Во второй раз я лично руководил всей затеей, стараясь не упустить ни единой мелочи. Никаких колесниц, приказал я. На волов полагаться нельзя. На сей раз я велел продеть сквозь кольца ковчега шесты, как сделал некогда Моисей по слову Божию, и подрядил носильщиков, все сплошь левитов, которым не пришлось и на десять футов приближаться к сундуку из акации с навершием в виде двух превосходных резных херувимов, лицом склонявшихся друг к другу и весьма выразительно простиравших вверх и вперед изогнутые крылья. Носильщики-левиты создавали эффект более театральный, чем скоты, сообщая всему представлению необходимую помпезность. Ох и волнующий был денек! Это событие обратило град Давидов в град Божий, еще и поныне остающийся главным местом богослужения. Где ковчег, там и Бог. Вот только где он теперь, Бог его знает.

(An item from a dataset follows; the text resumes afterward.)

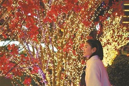 火樹銀花不夜天,流光溢彩呈繽紛?!敖衲甑囊咕罢嫫涟。 蓖钒⒁毯偷窃鍪迨逋盹埡髱е鴮O女來到將軍橋散步,在自己的家鄉(xiāng)欣賞到如此美妙的景色,登增叔叔忍不住夸贊。此時,將軍橋道路兩旁的綠化帶在彩燈的映襯下輪廓畢現(xiàn),與玻璃棧道上的光影交相輝映,城市美景盡在其中。
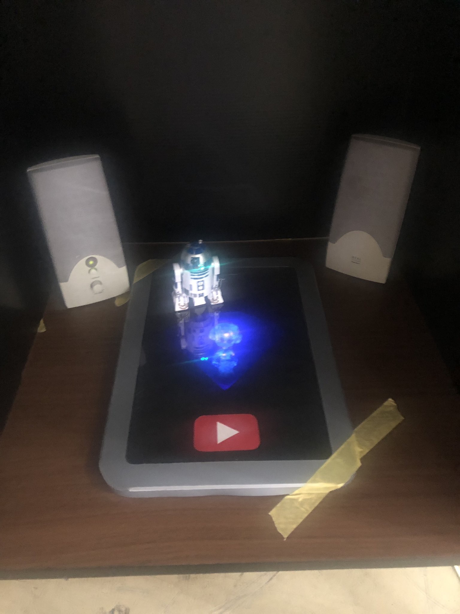 机の上に置かれたタブレットの再生ボタンを押すとロボットのランプが点灯し、タブレットの上の何もない空間に青白く光るレイア姫のフィギュアの立体像が浮かびあがり、メッセージを喋り、消える。

За неделю до события трубный глас прозвучал по стране, призывая всех израильтян придти посмотреть, на мой парад, если, конечно, они не хотят упустить такую возможность. Каждый день повторять представление этого рода я вовсе не собирался. Еле дыша, мы с робостью и опаской вынесли ковчег из дома Аведдара Гефянина, где он так и стоял со времени, когда Оза коснулся его и умер на месте. Аведдар с того дня купался в преуспеянии, что было истолковано моими священниками как ниспосланный Богом благоприятный сигнал, позволяющий продолжить исполнение моего плана. И когда несшие ковчег на шестах прошли по шесть шагов и ни один из них не помер, мы вздохнули свободно. Я крикнул «ура!» и принес в жертву семь тельцов и семь овнов. Вот тогда-то и начался праздник. Весь Израиль в тот день играл перед Господом. Даже я увлекся и пропел аллилуйю не помню уж сколько раз. Мы играли пред Господом на всяких музыкальных орудиях из кипарисового дерева, и на цитрах, и на псалтирях, и на тимпанах, и на систрах, и на кимвалах. Вряд ли вы когда-нибудь слышали столько музыки и видели столько радостного веселья, как в тот день, когда мы под крики и трубные звуки внесли ковчег завета в город. Столько музыки, пения и радостных воплей не слышно было на земле со дня, в который Дух Божий впервые пронесся над водой и сказал: «Да будет свет». И стал свет. И я стал впереди всех, возглавив шествие и танцуя пред Господом. Я скакал пред Ним из всей силы, одетый в накидку из тонкого полотна и в льняной ефод.